Hi, all. Thank you for reading this question.
I have some special sequences in proteins showed as follows:
All proteins contain one similar segments, and repeat in different times.
Take 'seq1' as an example, it has a sequence(not motif in biology meanings) 'EETELICLSDVTATSGAMEHSEVILKEREE' repeated 5 times. The number after colon is the position of this segment in protein.

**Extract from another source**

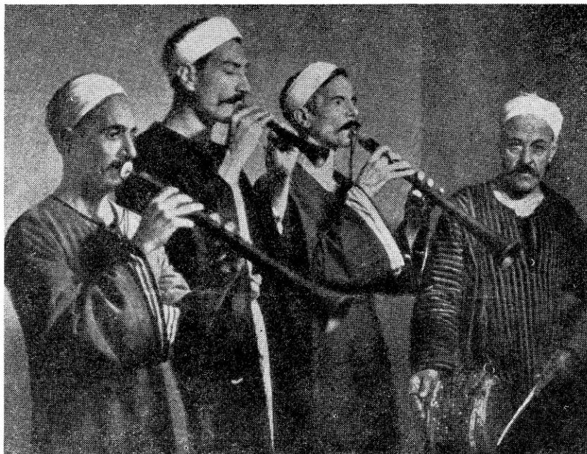
„Mizmar Baladi“, armastatuim araabia kvartett Egiptuse ringhäälingus.

Egiptuse elanike arv on viimaste andmete järgi 16 miljonit. Registreeritud ringhäälingu kuulajaid on
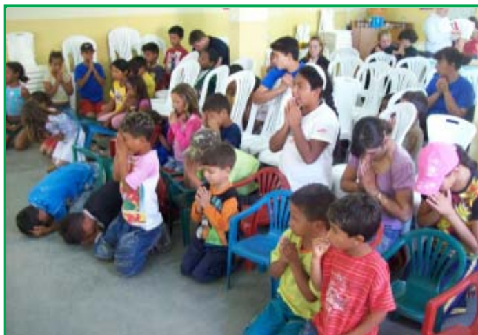
Crianças participantes do Projeto Sombra e Água Fresca.

Este ano, o projeto “ Jovens Mãos à Obra ” acontecerá nos períodos de 13 a 25 de junho e de 19 a 26 de junho, no Instituto Central do Povo (ICP), e de 24 de julho a 29 de agosto, no Acampamento Clay. A Federação Metodista de Jovens, em parceria com o projeto Voluntários em Missão, da área de Expansão Missionária

seq1 EETELICLSDVTATSGAMEHSEVILKEREE:420# EETELICLNDVTSPLRAVEHSAVLLKDKVE:473# EETELICVNDVTSTSRTMGHSSVVLKENEE:527# EETELICLNDVTSPSRAMEHSTVFIEEKEE:580# EETELICLNDVTSTSEVAETPEDVLEGIEL:633
seq2 EETELICLNDVTSPLRAVEHSAVLLKDKVE:473# EETELICLNDVTSPSRAMEHSTVFIEEKEE:580
seq3 EETELICLNDFTSTSRAMEHSEVILKEREE:421# EETELICVNDVTSTSHAMEHSAVILKENEE:527# EETKLICLNEVTSTSRAMEHSAVVIEDKAE:580
seq4 EETELICLNDVTSPLRAVEHSAVLLKDKVE:473# EETELICLNDVTSPSRAMEHSTVFIEEKEE:580
I want to compute the similarity score between any two sequences based on mentioned sequence information. How can I do it? I want to consider two factors, the similarity of motifs and repeat times.
Before I joined them together as one sequence and used multiple alignment software get the similarity score of them. But I do not know if it is reasonable.